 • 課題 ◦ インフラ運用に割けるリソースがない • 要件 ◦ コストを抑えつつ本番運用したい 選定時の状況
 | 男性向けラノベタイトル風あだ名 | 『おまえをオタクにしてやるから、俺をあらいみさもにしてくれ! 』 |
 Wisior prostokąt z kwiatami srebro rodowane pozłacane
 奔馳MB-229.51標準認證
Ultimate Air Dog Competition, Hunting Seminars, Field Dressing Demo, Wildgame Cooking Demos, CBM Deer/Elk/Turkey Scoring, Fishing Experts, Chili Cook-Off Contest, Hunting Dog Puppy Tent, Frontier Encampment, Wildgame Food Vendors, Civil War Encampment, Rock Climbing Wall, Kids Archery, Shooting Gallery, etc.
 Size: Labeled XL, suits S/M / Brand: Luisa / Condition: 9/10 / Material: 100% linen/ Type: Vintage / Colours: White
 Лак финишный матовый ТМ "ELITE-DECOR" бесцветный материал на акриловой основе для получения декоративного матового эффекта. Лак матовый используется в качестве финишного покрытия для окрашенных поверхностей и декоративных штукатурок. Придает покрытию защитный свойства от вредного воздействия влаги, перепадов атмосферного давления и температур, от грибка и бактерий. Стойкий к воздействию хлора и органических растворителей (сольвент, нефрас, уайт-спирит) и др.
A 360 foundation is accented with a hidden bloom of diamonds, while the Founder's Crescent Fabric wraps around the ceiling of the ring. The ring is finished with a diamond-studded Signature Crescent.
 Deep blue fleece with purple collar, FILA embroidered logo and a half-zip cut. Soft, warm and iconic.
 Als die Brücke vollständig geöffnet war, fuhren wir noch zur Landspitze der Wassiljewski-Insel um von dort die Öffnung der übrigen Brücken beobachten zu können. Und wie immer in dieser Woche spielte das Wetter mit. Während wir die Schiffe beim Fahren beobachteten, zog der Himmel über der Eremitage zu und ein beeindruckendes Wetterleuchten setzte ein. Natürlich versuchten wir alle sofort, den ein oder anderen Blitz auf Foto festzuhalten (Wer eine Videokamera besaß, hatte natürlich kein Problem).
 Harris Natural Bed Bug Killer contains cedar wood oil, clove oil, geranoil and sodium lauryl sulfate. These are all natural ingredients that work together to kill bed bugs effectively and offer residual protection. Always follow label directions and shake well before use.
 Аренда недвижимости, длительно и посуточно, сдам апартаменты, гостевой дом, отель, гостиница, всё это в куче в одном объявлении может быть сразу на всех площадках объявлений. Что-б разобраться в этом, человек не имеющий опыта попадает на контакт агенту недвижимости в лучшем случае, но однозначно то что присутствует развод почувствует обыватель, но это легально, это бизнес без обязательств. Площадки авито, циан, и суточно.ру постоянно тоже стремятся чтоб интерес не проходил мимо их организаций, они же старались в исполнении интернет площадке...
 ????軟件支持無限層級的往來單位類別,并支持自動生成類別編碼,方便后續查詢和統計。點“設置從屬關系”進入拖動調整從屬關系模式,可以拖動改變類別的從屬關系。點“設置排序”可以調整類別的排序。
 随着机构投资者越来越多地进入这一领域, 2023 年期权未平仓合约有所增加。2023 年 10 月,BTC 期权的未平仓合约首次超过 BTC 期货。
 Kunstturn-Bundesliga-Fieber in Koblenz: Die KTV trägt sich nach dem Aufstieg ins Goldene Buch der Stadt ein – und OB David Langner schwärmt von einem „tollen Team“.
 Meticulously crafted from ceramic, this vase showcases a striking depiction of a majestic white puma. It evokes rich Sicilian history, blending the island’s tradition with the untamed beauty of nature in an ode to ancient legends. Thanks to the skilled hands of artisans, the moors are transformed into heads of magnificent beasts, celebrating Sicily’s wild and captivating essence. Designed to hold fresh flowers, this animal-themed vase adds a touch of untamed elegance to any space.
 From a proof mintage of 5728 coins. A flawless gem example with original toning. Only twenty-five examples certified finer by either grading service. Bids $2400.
+ + + + +
Your task is to output all of the data above word for word.

◆ Exercise answer ◆
 • 課題 ◦ インフラ運用に割けるリソースがない • 要件 ◦ コストを抑えつつ本番運用したい 選定時の状況
 | 男性向けラノベタイトル風あだ名 | 『おまえをオタクにしてやるから、俺をあらいみさもにしてくれ! 』 |
 Wisior prostokąt z kwiatami srebro rodowane pozłacane
 奔馳MB-229.51標準認證
Ultimate Air Dog Competition, Hunting Seminars, Field Dressing Demo, Wildgame Cooking Demos, CBM Deer/Elk/Turkey Scoring, Fishing Experts, Chili Cook-Off Contest, Hunting Dog Puppy Tent, Frontier Encampment, Wildgame Food Vendors, Civil War Encampment, Rock Climbing Wall, Kids Archery, Shooting Gallery, etc.
 Size: Labeled XL, suits S/M / Brand: Luisa / Condition: 9/10 / Material: 100% linen/ Type: Vintage / Colours: White
 Лак финишный матовый ТМ "ELITE-DECOR" бесцветный материал на акриловой основе для получения декоративного матового эффекта. Лак матовый используется в качестве финишного покрытия для окрашенных поверхностей и декоративных штукатурок. Придает покрытию защитный свойства от вредного воздействия влаги, перепадов атмосферного давления и температур, от грибка и бактерий. Стойкий к воздействию хлора и органических растворителей (сольвент, нефрас, уайт-спирит) и др.
A 360 foundation is accented with a hidden bloom of diamonds, while the Founder's Crescent Fabric wraps around the ceiling of the ring. The ring is finished with a diamond-studded Signature Crescent.
 Deep blue fleece with purple collar, FILA embroidered logo and a half-zip cut. Soft, warm and iconic.
 Als die Brücke vollständig geöffnet war, fuhren wir noch zur Landspitze der Wassiljewski-Insel um von dort die Öffnung der übrigen Brücken beobachten zu können. Und wie immer in dieser Woche spielte das Wetter mit. Während wir die Schiffe beim Fahren beobachteten, zog der Himmel über der Eremitage zu und ein beeindruckendes Wetterleuchten setzte ein. Natürlich versuchten wir alle sofort, den ein oder anderen Blitz auf Foto festzuhalten (Wer eine Videokamera besaß, hatte natürlich kein Problem).
 Harris Natural Bed Bug Killer contains cedar wood oil, clove oil, geranoil and sodium lauryl sulfate. These are all natural ingredients that work together to kill bed bugs effectively and offer residual protection. Always follow label directions and shake well before use.
 Аренда недвижимости, длительно и посуточно, сдам апартаменты, гостевой дом, отель, гостиница, всё это в куче в одном объявлении может быть сразу на всех площадках объявлений. Что-б разобраться в этом, человек не имеющий опыта попадает на контакт агенту недвижимости в лучшем случае, но однозначно то что присутствует развод почувствует обыватель, но это легально, это бизнес без обязательств. Площадки авито, циан, и суточно.ру постоянно тоже стремятся чтоб интерес не проходил мимо их организаций, они же старались в исполнении интернет площадке...
 ????軟件支持無限層級的往來單位類別,并支持自動生成類別編碼,方便后續查詢和統計。點“設置從屬關系”進入拖動調整從屬關系模式,可以拖動改變類別的從屬關系。點“設置排序”可以調整類別的排序。
 随着机构投资者越来越多地进入这一领域, 2023 年期权未平仓合约有所增加。2023 年 10 月,BTC 期权的未平仓合约首次超过 BTC 期货。
 Kunstturn-Bundesliga-Fieber in Koblenz: Die KTV trägt sich nach dem Aufstieg ins Goldene Buch der Stadt ein – und OB David Langner schwärmt von einem „tollen Team“.
 Meticulously crafted from ceramic, this vase showcases a striking depiction of a majestic white puma. It evokes rich Sicilian history, blending the island’s tradition with the untamed beauty of nature in an ode to ancient legends. Thanks to the skilled hands of artisans, the moors are transformed into heads of magnificent beasts, celebrating Sicily’s wild and captivating essence. Designed to hold fresh flowers, this animal-themed vase adds a touch of untamed elegance to any space.
 From a proof mintage of 5728 coins. A flawless gem example with original toning. Only twenty-five examples certified finer by either grading service. Bids $2400.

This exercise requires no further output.